[[ DATA SUPPLIED, beginning ]]

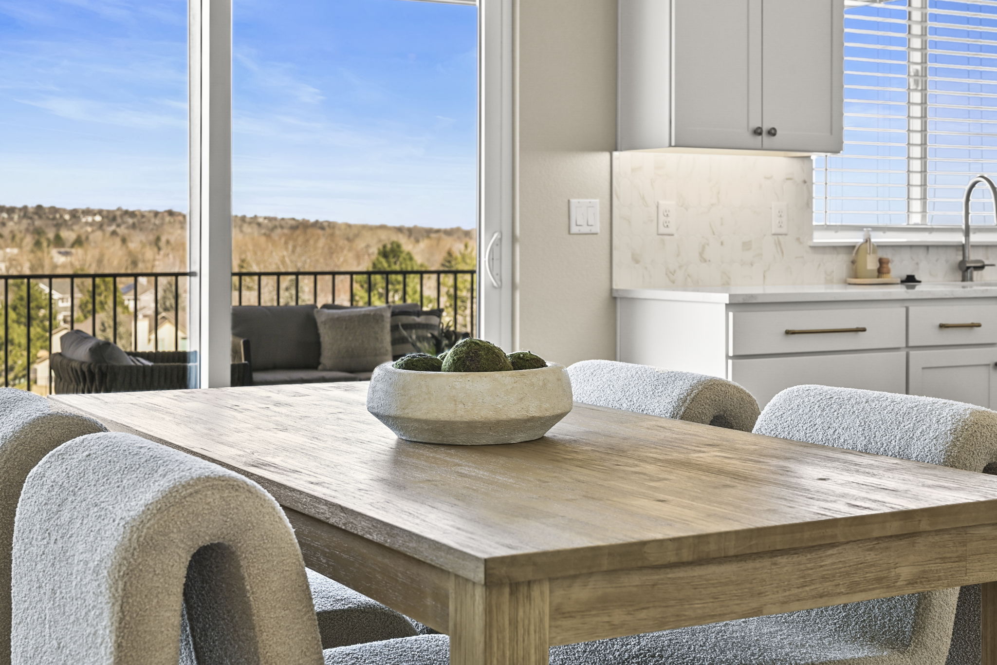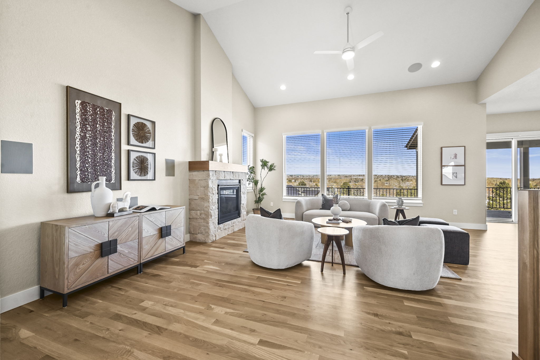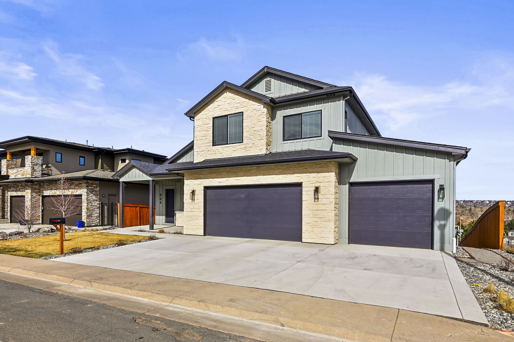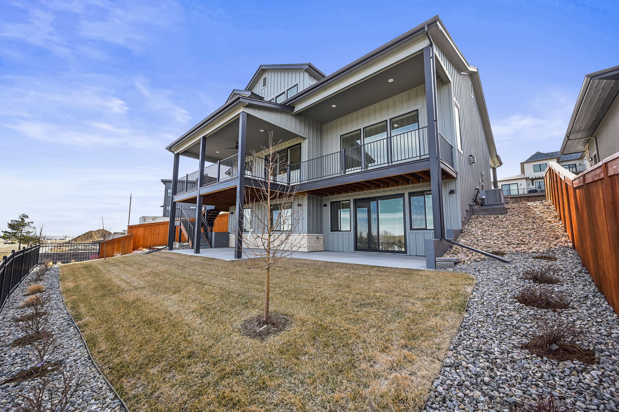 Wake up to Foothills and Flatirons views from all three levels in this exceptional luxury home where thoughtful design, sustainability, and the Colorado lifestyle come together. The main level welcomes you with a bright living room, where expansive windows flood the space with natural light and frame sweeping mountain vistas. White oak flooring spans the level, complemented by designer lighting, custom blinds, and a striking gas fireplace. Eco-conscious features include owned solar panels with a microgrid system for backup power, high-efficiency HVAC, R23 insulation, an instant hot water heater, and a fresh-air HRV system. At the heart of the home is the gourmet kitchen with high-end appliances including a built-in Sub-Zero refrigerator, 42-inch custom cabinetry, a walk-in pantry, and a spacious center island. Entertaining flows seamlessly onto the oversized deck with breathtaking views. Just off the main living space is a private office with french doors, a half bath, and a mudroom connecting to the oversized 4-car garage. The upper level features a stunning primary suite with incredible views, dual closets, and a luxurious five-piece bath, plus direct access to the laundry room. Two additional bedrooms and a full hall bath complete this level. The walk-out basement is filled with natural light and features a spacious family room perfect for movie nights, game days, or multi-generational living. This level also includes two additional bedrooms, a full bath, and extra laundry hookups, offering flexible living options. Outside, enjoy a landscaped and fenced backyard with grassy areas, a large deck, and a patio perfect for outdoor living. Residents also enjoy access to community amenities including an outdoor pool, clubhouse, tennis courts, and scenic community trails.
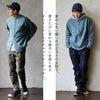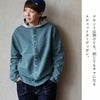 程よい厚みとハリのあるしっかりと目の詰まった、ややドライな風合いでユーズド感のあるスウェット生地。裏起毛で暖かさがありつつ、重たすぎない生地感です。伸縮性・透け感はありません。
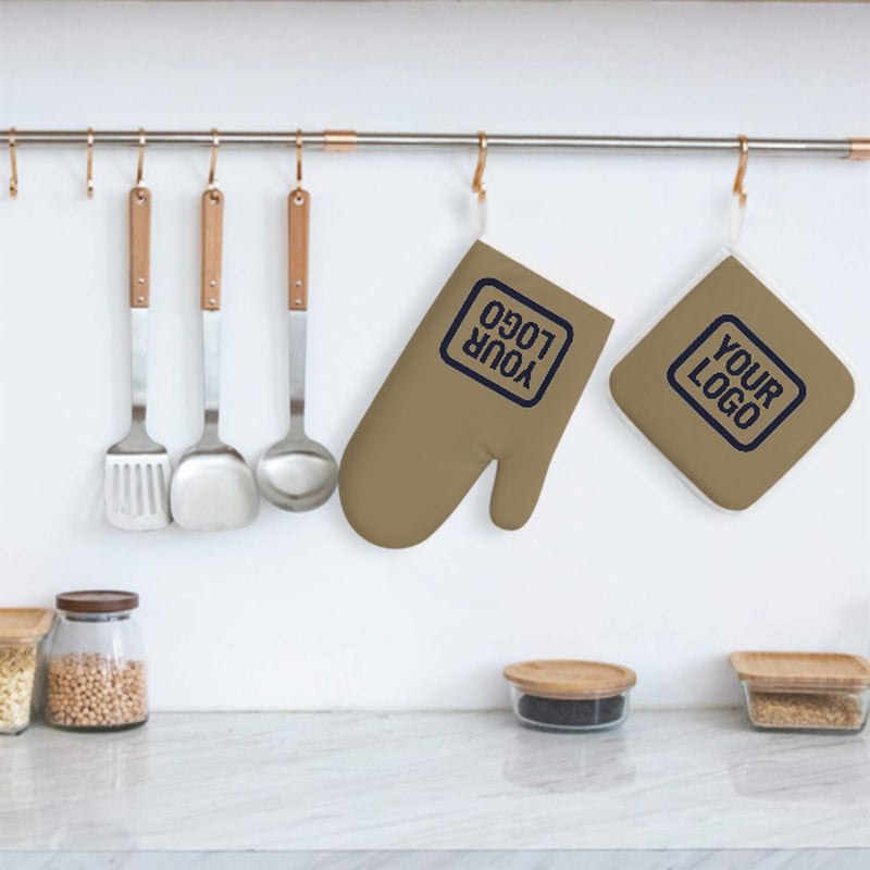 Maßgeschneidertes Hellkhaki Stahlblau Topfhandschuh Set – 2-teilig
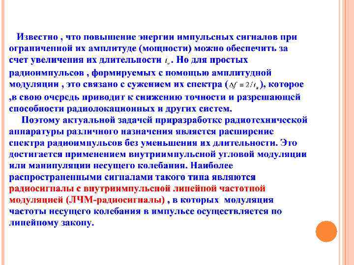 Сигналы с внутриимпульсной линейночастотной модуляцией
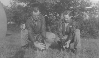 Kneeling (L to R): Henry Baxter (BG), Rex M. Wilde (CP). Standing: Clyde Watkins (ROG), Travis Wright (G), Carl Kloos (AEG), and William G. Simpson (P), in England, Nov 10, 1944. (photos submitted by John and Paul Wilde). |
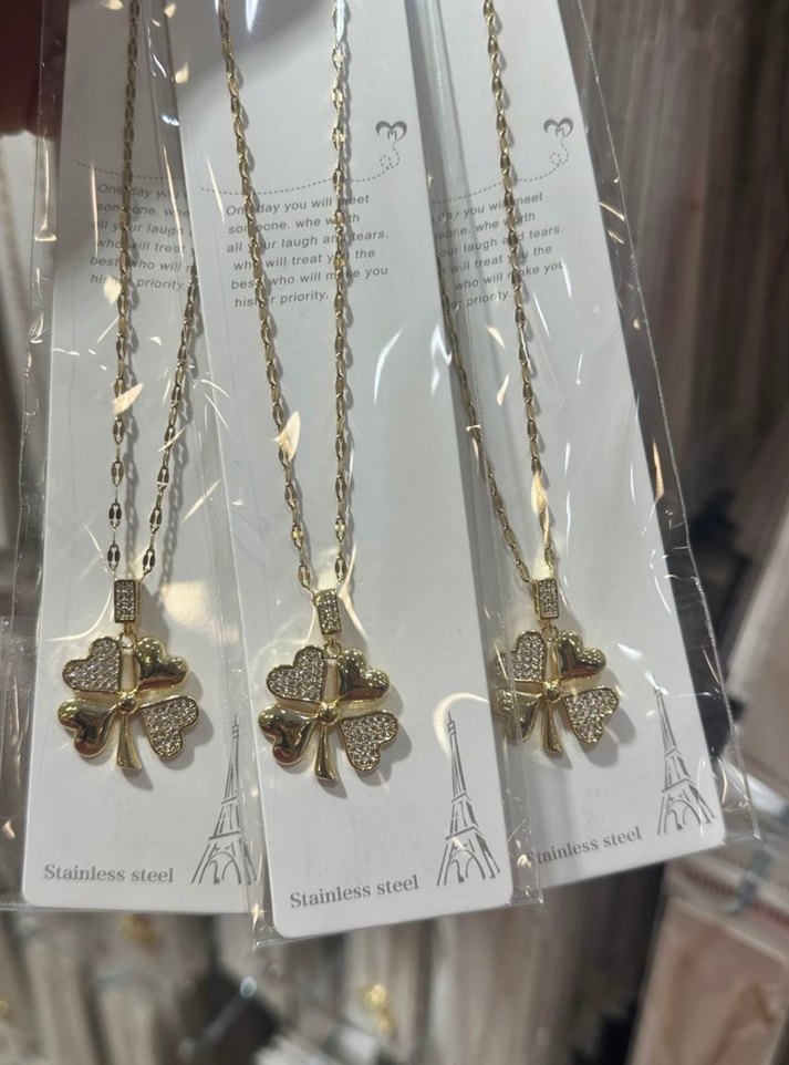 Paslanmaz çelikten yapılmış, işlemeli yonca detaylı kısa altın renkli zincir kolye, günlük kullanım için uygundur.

[[ DATA SUPPLIED, end ]]
[[ DATA SUPPLIED, beginning ]]

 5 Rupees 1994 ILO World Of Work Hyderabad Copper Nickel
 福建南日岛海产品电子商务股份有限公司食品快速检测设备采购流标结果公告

[[ DATA SUPPLIED, end ]]

# [GOAL OF THE EXERCISE]
Scan the records above for the lines holding "5 Rupees 1994" and "福建南日岛海产品电子商务股份有限公司食品快速检测设备采购流标结果公告". Transcribe those two and every line between them word for word, and no others.

# [YOUR SOLUTION]
 5 Rupees 1994 ILO World Of Work Hyderabad Copper Nickel
 福建南日岛海产品电子商务股份有限公司食品快速检测设备采购流标结果公告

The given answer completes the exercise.